Structure of social event-based network
We construct a social network between group members for each considered group, as a network of co-occurrence on the same event (see Methods for more details). By definition, these networks are weighted networks with link weights between two members equal to the number of events they participated together. These networks are very dense, as a direct result of the construction method, with broad distribution of link weights (see Fig D in S1 File). However, co-occurrence at the same event does not necessarily imply a relationship between two group members. For instance, a member of a group that attends many events, or big events, has a large number of acquaintances, and thus large number of social connections, which are not of equal importance regarding her association with the community. Similarly, two members that attend a large number of events can have relatively large number of co-occurrences, which can be the result of coincidences and not an indicator of their strong relationship. In order to filter out these less important connections we use a filtering technique based on the configuration model of bipartite networks [36, 37] (see Methods). By applying this technique to weighted networks we reduce their density and put more emphasis on the links that are less likely to be the result of coincidences. In this way we emphasize the links of higher weights without the removal of all links below certain threshold (see Fig D in S1 File), a standard procedure for network pruning. We explore the evolution of social networks of significant relationships between Meetup group members by studying how the local characteristics of the nodes (members) change with their growing number of participations in group activities.
Association with the community of a specific Meetup group can be quantitatively expressed trough several local and global topological measures of weighted networks. Specifically, here we explore how the number of significant connections (member’s degree) and their strength (member’s strength), as well as how member’s embeddedness in a group non-weighted and weighted clustering coefficient) are changing with the number of attended group events. Fig 2 shows how average strength of a node depends on its degree in filtered networks of four selected Meetup groups. While member’s degree equal to the number of member’s significant social relationships, the strength measures how strongly she is connected to the rest of the group . In all considered Meetup groups members with small and medium number of acquaintances (q ≤ 50) have similar values of strengths and degrees, i.e., their association with the community is quantified by the number of people they know and not through the strength of their connections (see Fig 2). Having in mind that the average size of an event in these four groups is less than 20, we can conclude that majority of members with a degree less than 50 are the ones that attended only a few group meetups. A previous study  has found that the probability for a member to attend a group event strongly depends on whether her friends will also attend. The non-linear relationship between the degree and the average strength for q > 50 shows that event participation of already engaged members (ones who already attended few meetings) is more linked to the strength of social relations than to their number. This means that at the beginning of their engagement in group activities, when the association is relatively small, the participation is conditioned by a number of members a person knows, while later, when the association becomes stronger, the intensity of relations with already known members becomes more important.
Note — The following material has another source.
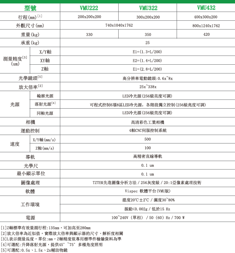 產品總覽 → TZTEK 影像測量 →VMU高端型機型

Dependence of average member’s strength 〈s〉 on her degree q in social network of significant links for considered groups.
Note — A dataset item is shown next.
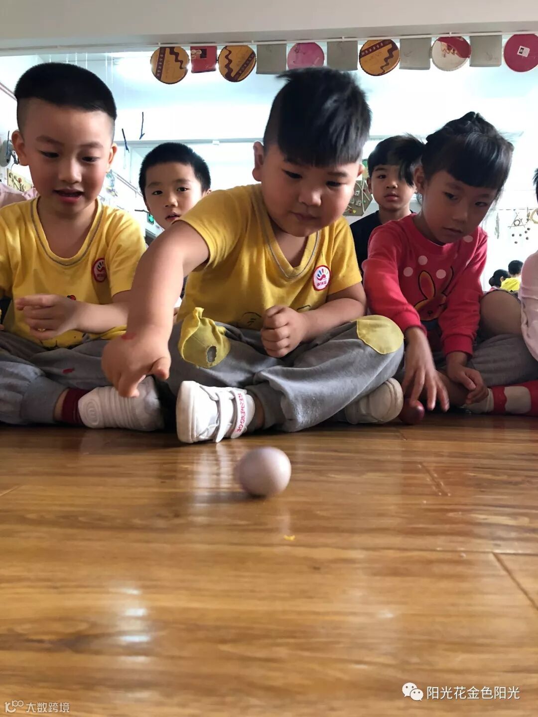 玩鸡蛋:小朋友们发挥想象力用鸡蛋做出多种玩法(滚、转、抛、立、碰鸡蛋等),比赛看谁的玩法多。

This finding is further supported if we consider the change of the average degree and strength with the number of participations. Fig 3 shows how the average member’s degree and strength evolve with the number of participations in group’s events. At the beginning, the degree and strength have the same value and grow at the same rate, but after only few participations the strength becomes larger than the degree, and starts to grow much faster for members of all four Meetup communities. After 100 attended events the average strength of a member is up to ten times larger than her degree (see Fig E in S1 File). This indicates that the event participation dynamics is mostly governed by the need of a member to maintain and strengthen her relationships with already known members of a community. As a matter of fact, our analysis of member’s embeddedness in these social networks shows that members maintain strong relations with single members of the community, but also with small subgroups of members. A comparison with randomized data (Figs E and F in S1 File) reveals that both the degree and strength grow slower with the number of events, and that their ratio is higher than in the original data. Relatively high value of the average clustering coefficient 〈ci〉, shown in Fig 4 indicates that there is a high probability (more than 10% on average) that friends of a member also form significant relationships. The slow decay of 〈ci〉 with the number of participations and the fact that it remains relatively large (above 0.2) even for participants with a thousand of attended meetups, Fig 4, show that personal networks of members have tendency to remain clustered, i.e., have relatively high number of closed triplets compared to random networks.
Dependence of member’s average degree 〈q〉 and strength 〈s〉 on number of attended group events by member x for four considered Meetup groups.
Evolution of local cohesiveness of members personal networks, measured by averaged non-weighted 〈ci〉 and weighted clustering coefficients , with the number of events attended by the member x.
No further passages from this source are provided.